Stored items
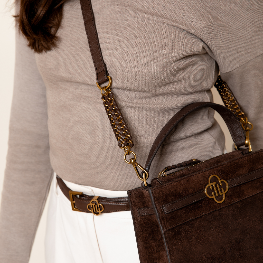 Onze Basil is zoveel meer dan alleen een leren schouderband. Wil je je tas die al een paar jaar in je collectie zit opfleuren of wil je je outfit extra elegantie geven? De Basil is perfect! Met zijn ketting is het een super unieke schouderband en zie je er overal geweldig uit.
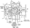 13. Система лазера по п.1, в которой каждая из вышеупомянутых первой и второй рабочих камер лазера определяют поток газа с постепенно увеличивающейся площадью поперечного сечения в направлении вниз по течению потока от вышеупомянутых электродов, что обеспечивает возможность восстановления большой процентной доли перепада статического давления, возникающего в областях разряда.
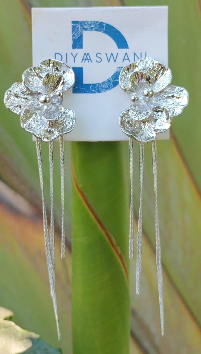 These silver earrings feature a delicate floral design with a cascading chain tassel. Perfect for adding a touch of elegance to any outfit.
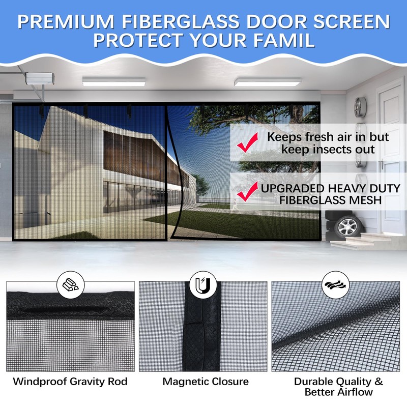 - Our garage door curtains offer excellent resistance to wind and corrosion. It is made of durable fiberglass material to ensure durability for long term use. With 40 powerful magnets, it ensures that your screen door automatically closes smoothly and tightly. Additionally, Extra 16 gravity rods are added at the bottom, which helps to enhance wind resistance. This powerful magnetic and super gravity bar closure allows both people and pets to easily pass through the screen door.
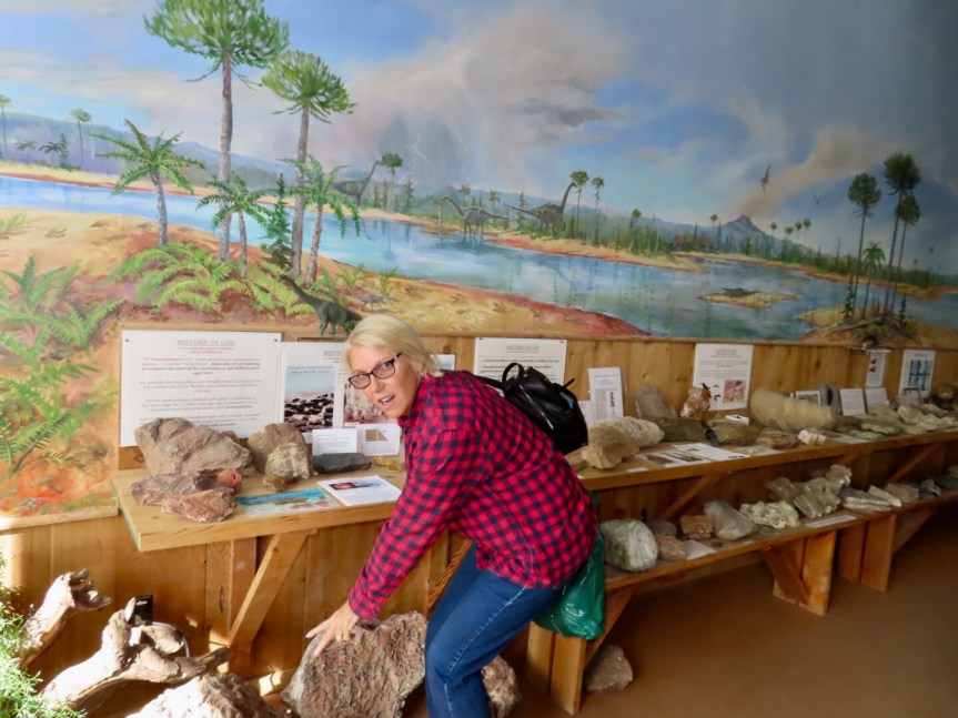 In Greybull, a really interesting lady named Lori runs the Crazy Woman boutique shop where Tommy figured PJ could find a nice long sleeved shirt. Like with everybody else in the two towns, Tommy knew Lori from either teaching her kids or just having been neighbors for so many years. We ended up buying hats, shirts and an awesome Wyoming tea mug for me. There is a small dinosaur museum across the street so we poked our noses in there and had a quick look around.
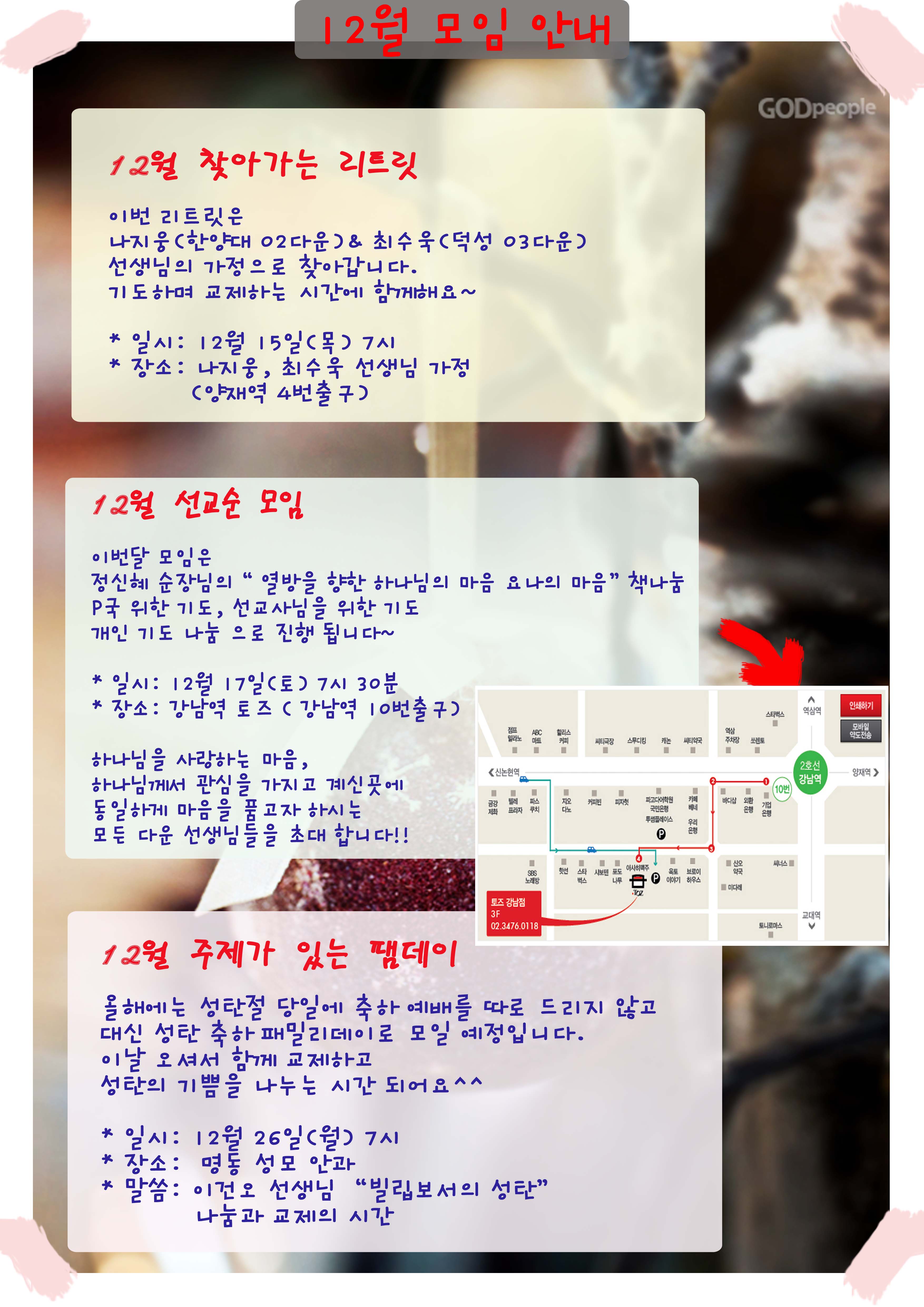 12월 모임안내(리트릿, 선교순모임, 팸데이)
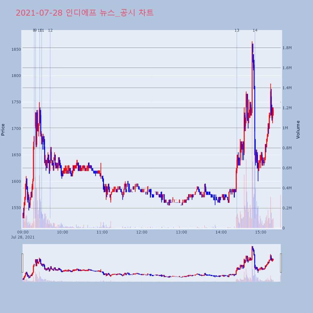 | 9 | 5 | [특징주] 인디에프, 남북 통신연락선 복원에 급등 제목 : [특징주] 인디에프, 남북 통신연락선 복원에 | 인포스탁 | 인디에프 | 2021-07-27 11:19:03 |
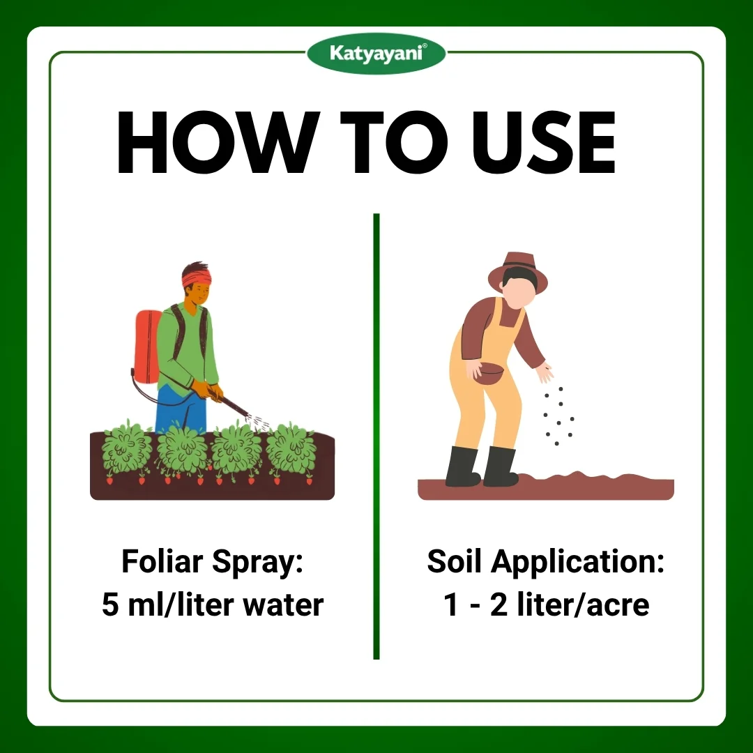 Dosage : Foliar Spray for 5 ml / liter water.Soil Application for root grubs: 750 ml – 1 liter/acre by drenching or can be mixed with 250 kg of
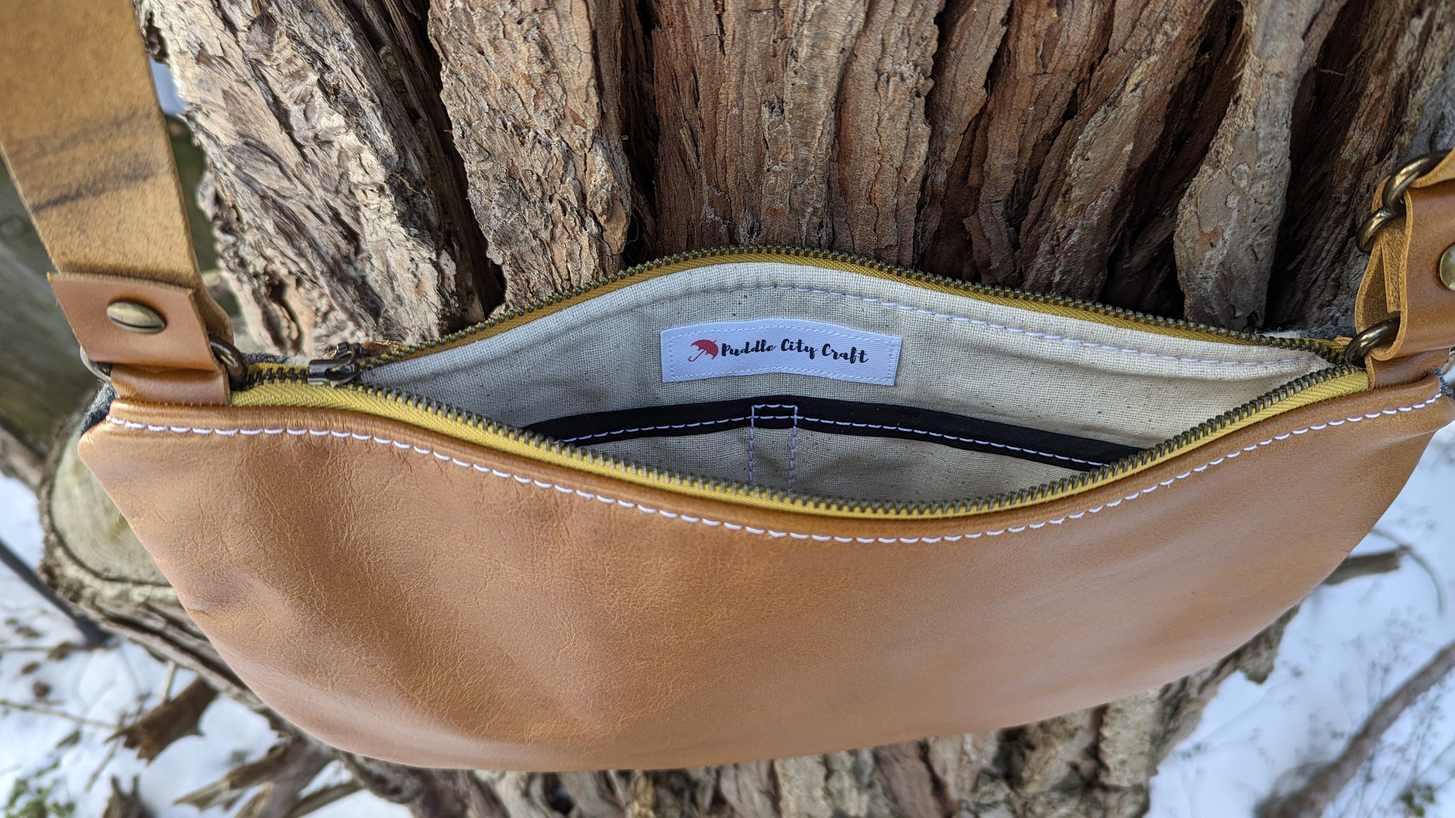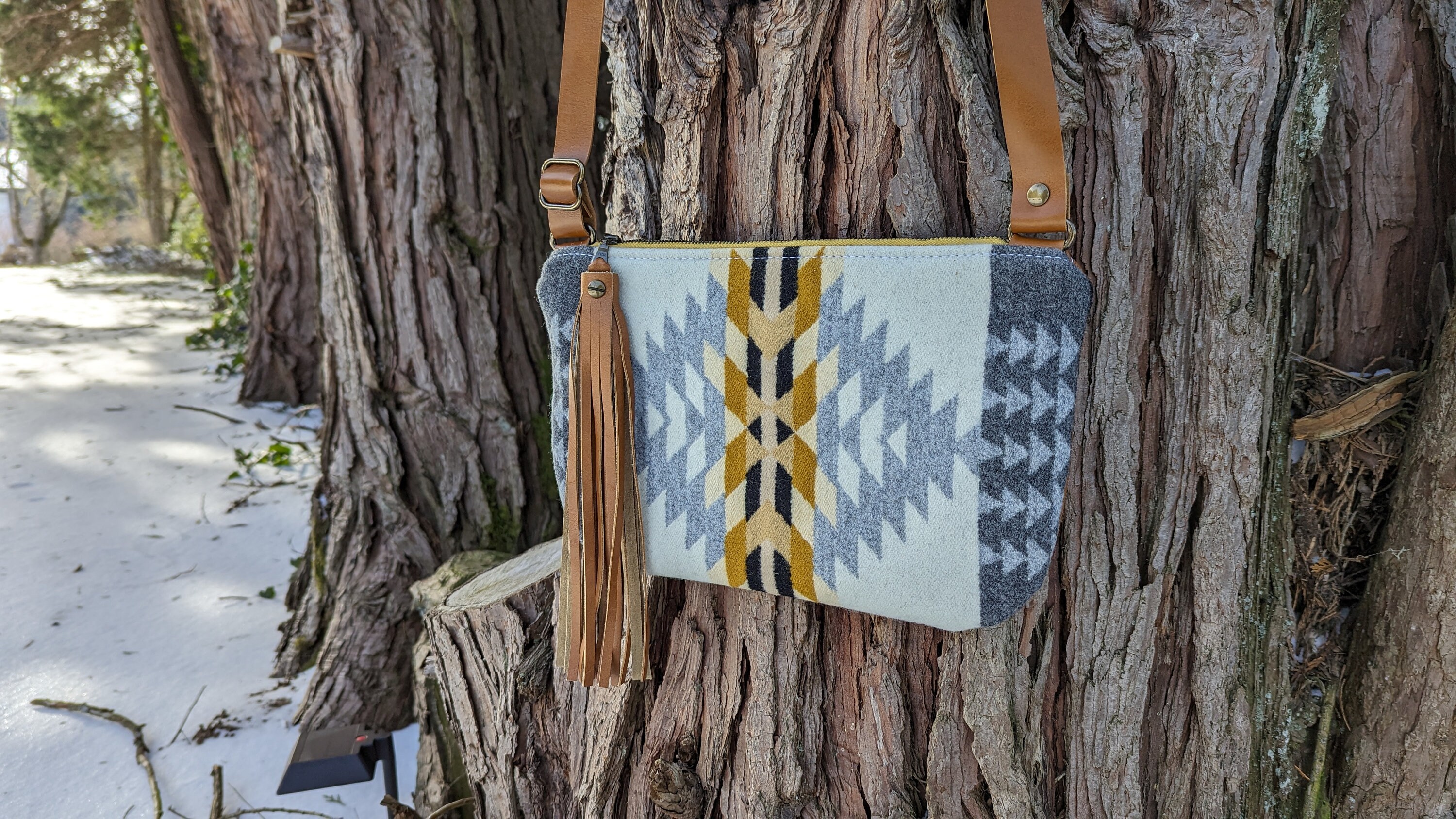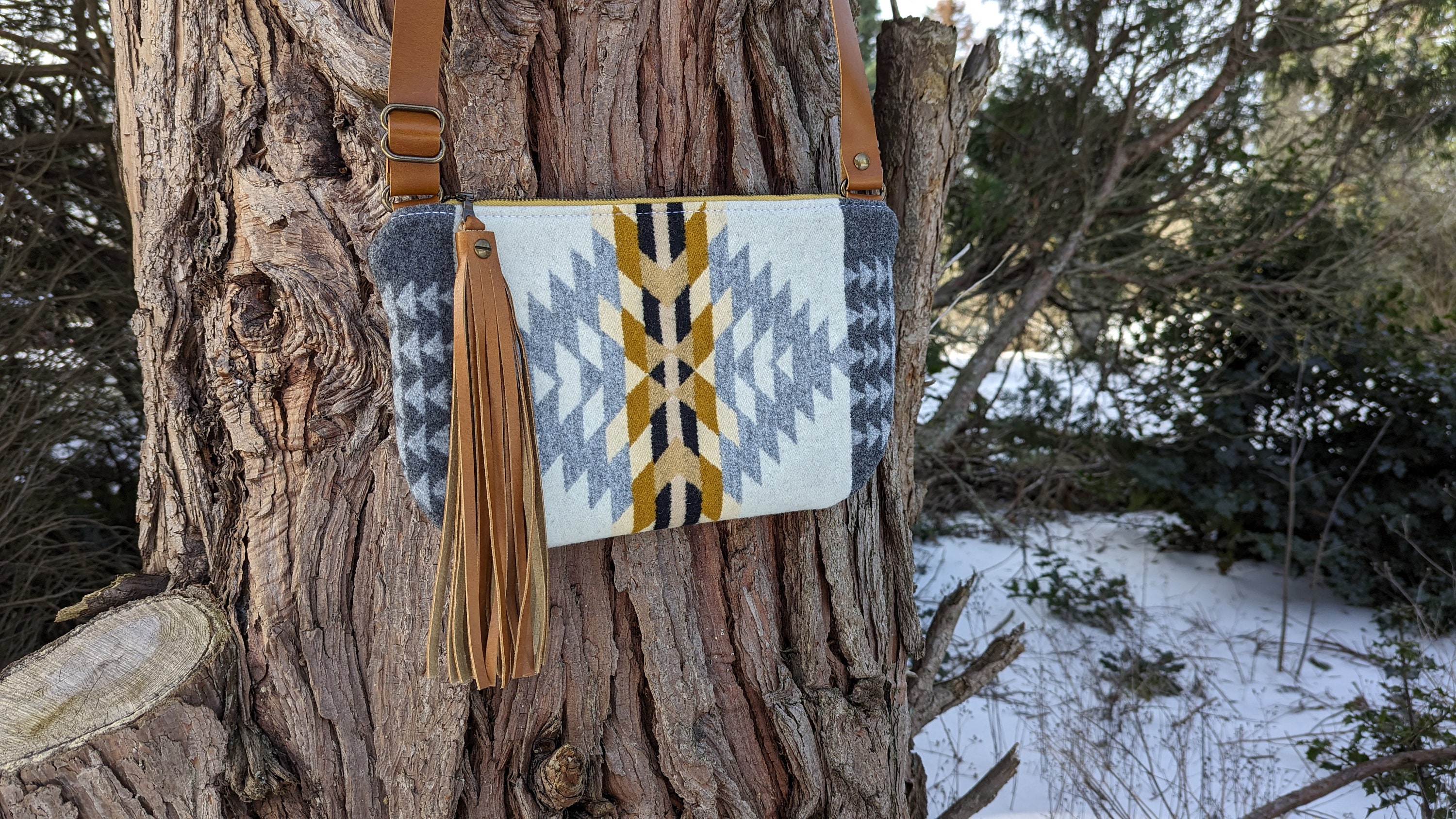 This is a fun medium sized crossbody purse with an adjustable strap made with Pendleton ® heavy weight jacquard wool and leather. Inside there is a natural colored cotton lining with a zip pocket on one side and two slip pockets on the other for extra storage. This bag is lined to hold it's shape. This is the perfect size for daily use, it will fit all of your essentials and then some.
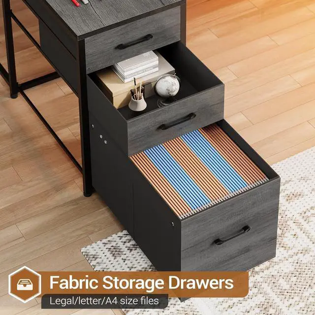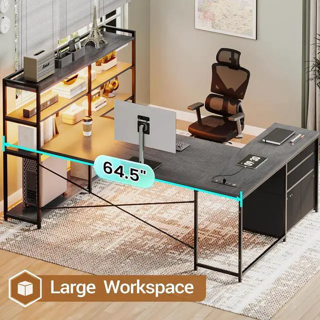 Don't know how to store various sizes of documents? Don't worry, the L shaped desk with a file drawer can hold 3 sizes of files - Legal/Letter/A4 and a box drawer can place home or office items. The 5-layer storage shelves can be for full-size printers, files, books, or other items, leaving large space for writing, studying, and other home office desk activities.
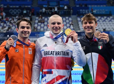 Adam Peaty became the first British swimmer to defend an Olympic title Monday when he claimed gold in the 100m breaststroke, clocking the fifth fastest time in history. The 26-year-old powered to the line in 57.37sec ahead of Dutchman Arno Kamminga (58.00), the only other swimmer besides Peaty to ever go under 58 seconds. Italy’s Nicolo Martinenghi took bronze in 58.33. Looking exhausted but ecstatic, he bowed to the stadium when he climbed out of […]
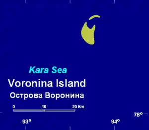 Voronina Island or Voronina Islands (Russian: Острова Воронина, Ostrova Voronina or Остров Воронина, Ostrov Voronina) is an isolated two-island group composed of a larger island and a narrow island on its northern side separated by a 3 km wide sound.

**Exercise requirements**
Restate word for word the lines starting at the one that contains "Don't know how" and ending at the last line of the data. Skip every picture.

**Answer area**
 Don't know how to store various sizes of documents? Don't worry, the L shaped desk with a file drawer can hold 3 sizes of files - Legal/Letter/A4 and a box drawer can place home or office items. The 5-layer storage shelves can be for full-size printers, files, books, or other items, leaving large space for writing, studying, and other home office desk activities.
 Adam Peaty became the first British swimmer to defend an Olympic title Monday when he claimed gold in the 100m breaststroke, clocking the fifth fastest time in history. The 26-year-old powered to the line in 57.37sec ahead of Dutchman Arno Kamminga (58.00), the only other swimmer besides Peaty to ever go under 58 seconds. Italy’s Nicolo Martinenghi took bronze in 58.33. Looking exhausted but ecstatic, he bowed to the stadium when he climbed out of […]
 Voronina Island or Voronina Islands (Russian: Острова Воронина, Ostrova Voronina or Остров Воронина, Ostrov Voronina) is an isolated two-island group composed of a larger island and a narrow island on its northern side separated by a 3 km wide sound.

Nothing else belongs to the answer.